A university is not a democratic institution. It’s hierarchical, even if one considers only the intellectual work done there. At the top, intellectually speaking, are tenured professors. In descending order below them are professors without tenure, graduate students, undergraduates, and extension-school students. At the bottom are visiting outsiders, if they can be said to have any place at all (with one important exception, to be named in a minute). The mission of a university library is to serve the scholars at its university, and such a library naturally measures out access in accordance with this hierarchy. A professor, for example, may be able to check books out for a semester at a time, but an undergraduate may only be able to borrow them for a few weeks. There are safety valves in the system; an undergraduate can ask even a tenured professor to return a book. And there’s an advantage to the strict boundary between insiders and outsiders: every user of the library has been screened by an admission committee or a hiring committee, and is, as a member of the university community, subject to a number of subtle and not-so-subtle disciplinary controls. When a university library loans a book, there’s good reason to believe it’ll come back in good condition.

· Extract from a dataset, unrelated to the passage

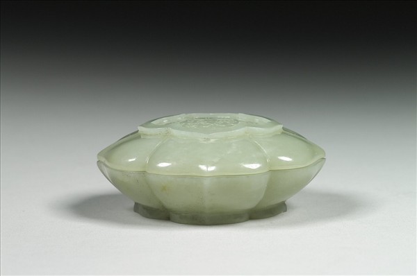 青玉,全器作四瓣花式,蓋、器同形,蓋略扁,子母口、淺腹、花式圈足。蓋頂陰刻番蓮紋。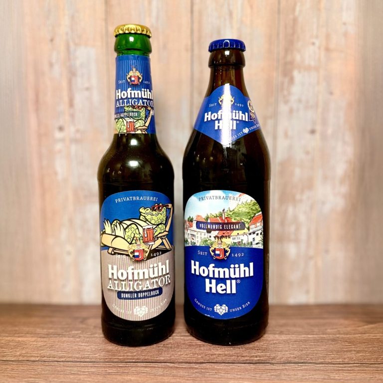Bierstile: Hofmühl Hell (4,9 %) und Hofmühl Alligator Doppelbock (7,5 %)

There are downsides, though. A university-library culture wastes what you might call book-hours. Professors and students are busy multi-taskers; their time is a premium commodity. If a spare hour comes along, they want to know they can make use of it, and so it’s in their interest to have all the books they’re likely to need ready to hand—even if that spare hour doesn’t come by more than a few times a week. In other words, they hoard library books. For example, it might only take two work-days to read a book, but the fourteen hours in those work-days may be spread over months or even years, and so it’s in their interest—it’s a matter of scholarly survival, in fact—to keep possession of that book for many more book-hours than they actually need it.

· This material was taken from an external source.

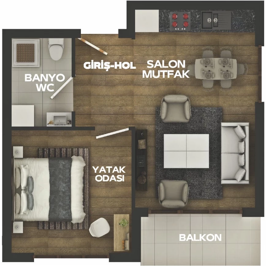 Wohnung zum Verkauf in Aksu. Fläche m²: 65, Zimmer: 1+1, Preis: 124 000 Euro. (ID 118)
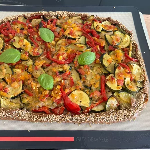 Préchauffez votre four à 200°C (th. 6-7) puis placez votre sur la plaque perforée. Montez les blancs d’œufs en neige avec une pincée de sel. Au batteur, montez 2 œufs avec les 4 jaunes d’œufs. Ajoutez délicatement les blancs montés. Versez le tout dans le , égalisez la surface avec une spatule coudée et faites cuire 10 minutes à 200°C (th. 6-7).

As a graduate student, I sometimes shifted to my second- or even third-choice paper topic because all the books on my first-choice topic had been checked out. True, I could have recalled the books relating to my first-choice topic, but if I had done that, the first user of the books might then have recalled them from me in turn, after my two weeks of exclusive use were up. Is there anything more excruciating to a scholar than losing access to books that you’re in the middle of writing about? I’d have had to wait two more weeks before I could see the recalled books again. So it was more prudent to alter my plans and use books that no one else had recently laid claim to, even though that was hardly an optimal choice from a merely intellectual point of view.

At the highest level, the book-hours squandered by hoarding aren’t a terribly big problem because the interests of tenured professors are so specialized. There isn’t likely to be more than one Milton scholar in any single English department. The book-borrowing needs of the top dogs therefore rarely overlap. Few undergraduates plan far enough ahead to be able to wait the time it takes for a recalled book to be returned, so they’re not likely to disturb a professor’s long-term use of a book, and graduate students are constrained not only by a habit of deference but also by the sort of fears outlined in the paragraph above. In a university library, the problem of wasted book-hours really only rears its head with undergraduates, and there’s a workaround for it: course reserves. Since the book-borrowing needs of undergraduates overlap whenever they take courses together, books on a syllabus are put on reserve, where they can only be checked out for a few hours at a time.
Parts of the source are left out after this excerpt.